Leave out the pictures and retype, exactly, the lines below from the line with "Sander Ozonisator C100" up to and including the line with "Ivlivs Cæsar Scaliger", nothing more.

**Data extracts:**
* * *

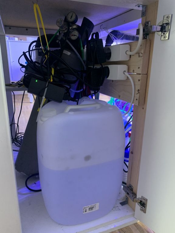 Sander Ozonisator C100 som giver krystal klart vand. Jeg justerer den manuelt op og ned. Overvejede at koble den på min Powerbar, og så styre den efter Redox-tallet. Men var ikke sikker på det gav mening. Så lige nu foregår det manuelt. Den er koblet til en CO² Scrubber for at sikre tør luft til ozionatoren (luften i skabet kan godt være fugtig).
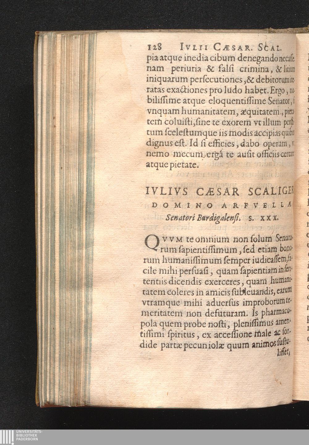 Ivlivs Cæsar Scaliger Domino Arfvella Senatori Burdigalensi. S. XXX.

* * *

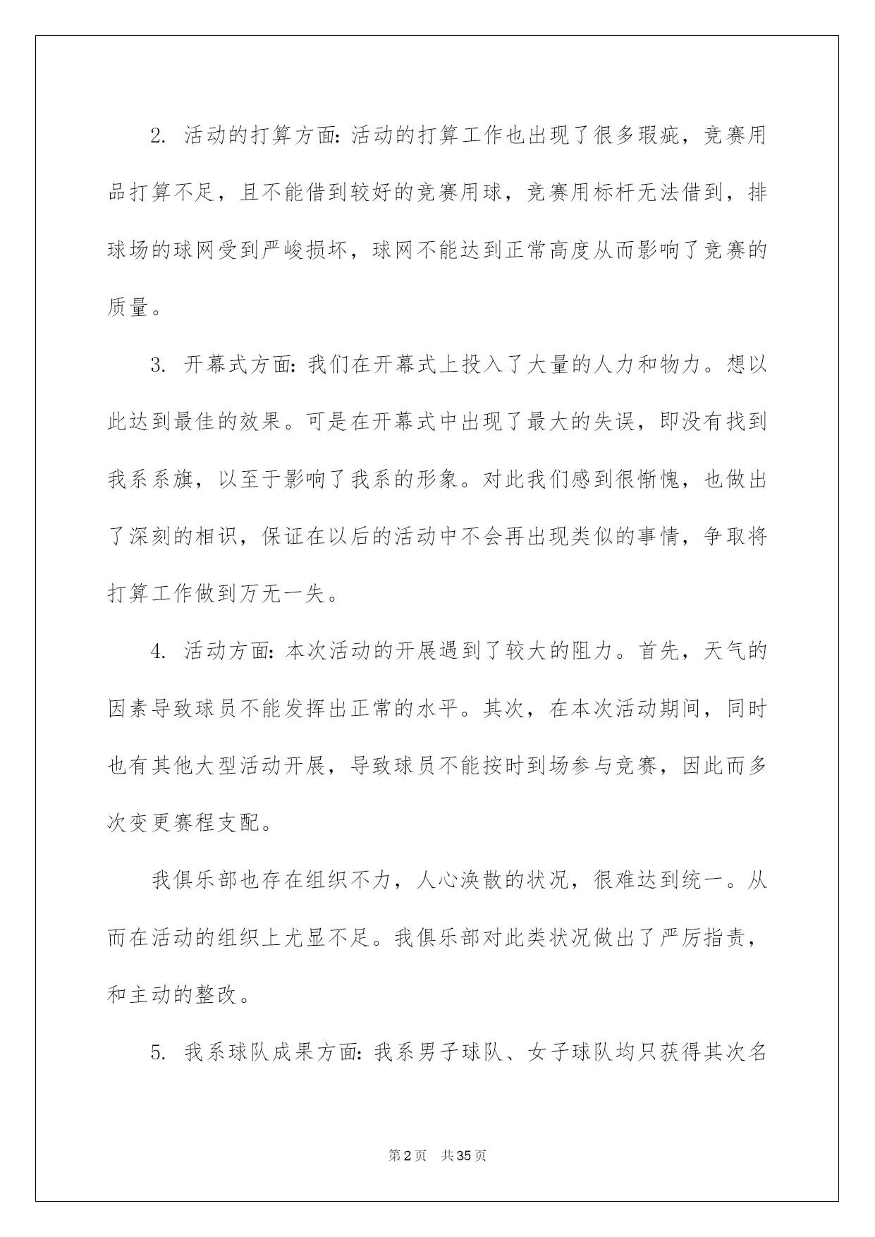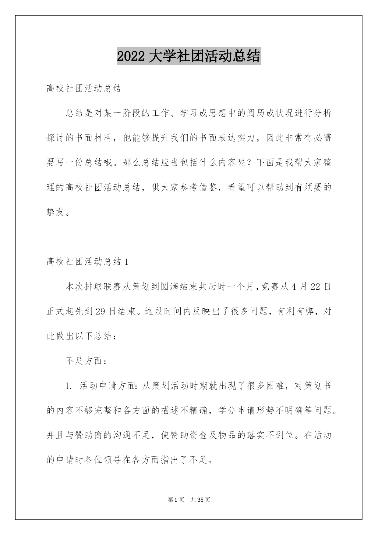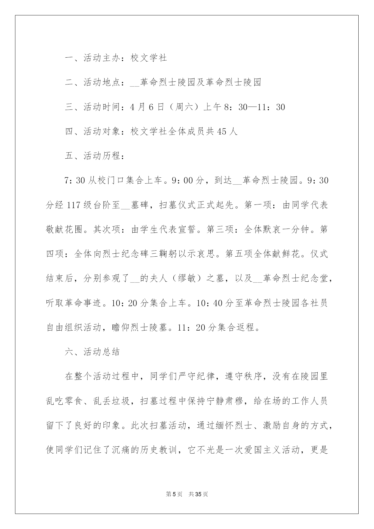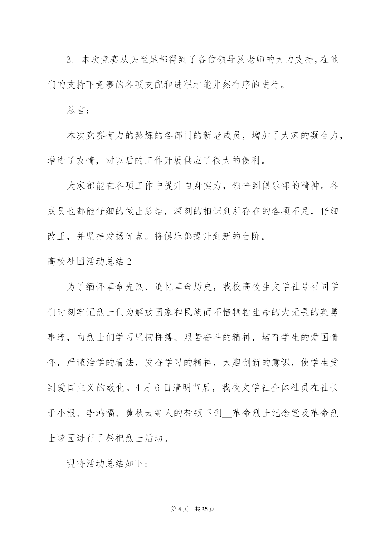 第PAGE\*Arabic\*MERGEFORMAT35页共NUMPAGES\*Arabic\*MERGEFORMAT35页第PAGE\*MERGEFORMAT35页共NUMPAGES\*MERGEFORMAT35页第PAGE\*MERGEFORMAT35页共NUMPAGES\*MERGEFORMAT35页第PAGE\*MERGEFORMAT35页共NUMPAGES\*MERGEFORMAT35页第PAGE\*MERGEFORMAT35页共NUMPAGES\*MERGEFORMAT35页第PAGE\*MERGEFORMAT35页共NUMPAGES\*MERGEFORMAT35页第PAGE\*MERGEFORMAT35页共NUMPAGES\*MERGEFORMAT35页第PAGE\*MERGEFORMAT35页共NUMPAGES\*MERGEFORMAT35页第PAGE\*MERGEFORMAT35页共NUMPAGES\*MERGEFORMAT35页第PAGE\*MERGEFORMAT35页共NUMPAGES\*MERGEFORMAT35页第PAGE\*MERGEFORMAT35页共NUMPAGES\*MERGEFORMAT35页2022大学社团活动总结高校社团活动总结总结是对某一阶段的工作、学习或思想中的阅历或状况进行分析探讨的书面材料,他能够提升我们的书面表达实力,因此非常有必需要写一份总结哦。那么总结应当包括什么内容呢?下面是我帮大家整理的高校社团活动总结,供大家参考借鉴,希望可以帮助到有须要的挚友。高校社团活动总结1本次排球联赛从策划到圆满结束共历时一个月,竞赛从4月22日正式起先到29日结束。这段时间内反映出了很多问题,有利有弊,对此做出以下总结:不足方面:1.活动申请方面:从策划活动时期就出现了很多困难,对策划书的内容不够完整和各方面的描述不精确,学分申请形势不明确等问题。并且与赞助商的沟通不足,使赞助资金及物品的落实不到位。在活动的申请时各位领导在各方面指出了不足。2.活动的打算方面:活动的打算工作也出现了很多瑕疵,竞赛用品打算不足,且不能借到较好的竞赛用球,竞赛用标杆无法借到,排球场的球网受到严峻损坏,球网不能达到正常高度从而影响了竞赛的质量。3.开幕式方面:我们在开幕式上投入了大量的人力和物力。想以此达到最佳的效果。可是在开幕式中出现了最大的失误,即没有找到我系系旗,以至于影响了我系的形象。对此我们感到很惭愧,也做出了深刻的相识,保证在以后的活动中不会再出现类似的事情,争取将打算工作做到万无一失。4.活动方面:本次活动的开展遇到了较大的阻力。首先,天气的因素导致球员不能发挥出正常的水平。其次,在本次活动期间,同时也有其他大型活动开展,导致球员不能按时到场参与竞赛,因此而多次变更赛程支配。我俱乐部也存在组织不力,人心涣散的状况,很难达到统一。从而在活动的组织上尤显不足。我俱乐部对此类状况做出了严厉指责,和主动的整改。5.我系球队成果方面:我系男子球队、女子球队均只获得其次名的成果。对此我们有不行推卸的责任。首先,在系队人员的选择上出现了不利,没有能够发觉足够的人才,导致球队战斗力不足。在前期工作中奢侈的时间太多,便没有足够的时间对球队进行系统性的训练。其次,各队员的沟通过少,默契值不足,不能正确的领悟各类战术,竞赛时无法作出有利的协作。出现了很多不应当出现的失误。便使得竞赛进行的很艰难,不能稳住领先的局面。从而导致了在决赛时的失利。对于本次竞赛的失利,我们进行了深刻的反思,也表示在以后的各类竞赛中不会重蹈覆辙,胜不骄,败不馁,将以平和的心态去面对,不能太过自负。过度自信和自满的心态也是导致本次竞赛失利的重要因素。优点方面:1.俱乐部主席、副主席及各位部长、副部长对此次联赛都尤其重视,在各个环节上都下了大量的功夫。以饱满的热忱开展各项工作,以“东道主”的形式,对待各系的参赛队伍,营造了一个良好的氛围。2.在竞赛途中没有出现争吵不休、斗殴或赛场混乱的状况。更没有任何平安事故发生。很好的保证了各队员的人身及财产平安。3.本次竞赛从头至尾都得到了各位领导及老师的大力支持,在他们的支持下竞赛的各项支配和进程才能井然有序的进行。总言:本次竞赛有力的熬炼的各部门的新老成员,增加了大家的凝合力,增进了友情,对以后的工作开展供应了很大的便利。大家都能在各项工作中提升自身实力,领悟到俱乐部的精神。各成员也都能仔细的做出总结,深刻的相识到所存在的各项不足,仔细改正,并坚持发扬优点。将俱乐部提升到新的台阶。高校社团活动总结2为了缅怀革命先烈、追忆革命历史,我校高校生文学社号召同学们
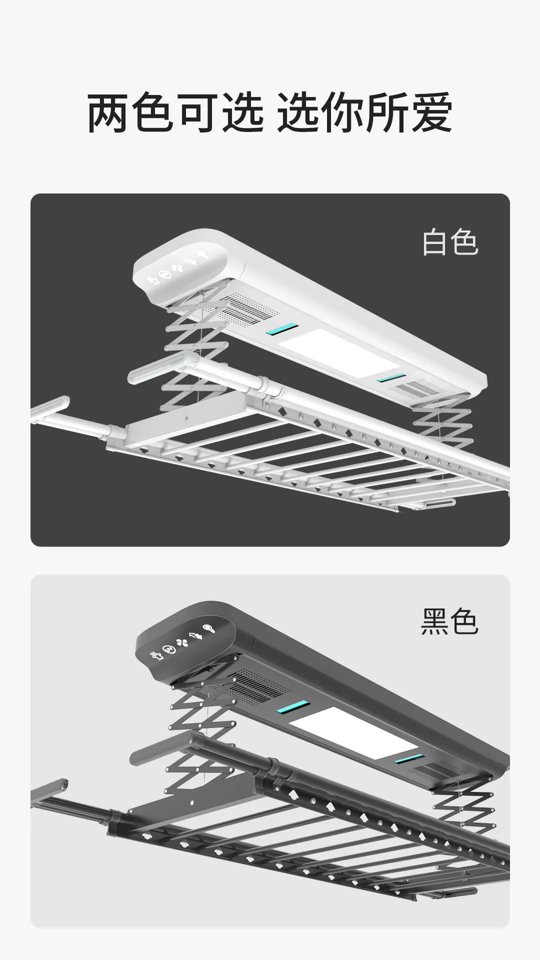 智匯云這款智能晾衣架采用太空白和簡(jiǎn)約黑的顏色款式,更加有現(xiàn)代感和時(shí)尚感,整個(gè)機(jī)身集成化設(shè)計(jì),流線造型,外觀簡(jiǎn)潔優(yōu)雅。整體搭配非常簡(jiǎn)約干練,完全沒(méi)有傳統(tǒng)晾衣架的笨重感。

* * *

**Task answer:**
 Sander Ozonisator C100 som giver krystal klart vand. Jeg justerer den manuelt op og ned. Overvejede at koble den på min Powerbar, og så styre den efter Redox-tallet. Men var ikke sikker på det gav mening. Så lige nu foregår det manuelt. Den er koblet til en CO² Scrubber for at sikre tør luft til ozionatoren (luften i skabet kan godt være fugtig).
 Ivlivs Cæsar Scaliger Domino Arfvella Senatori Burdigalensi. S. XXX.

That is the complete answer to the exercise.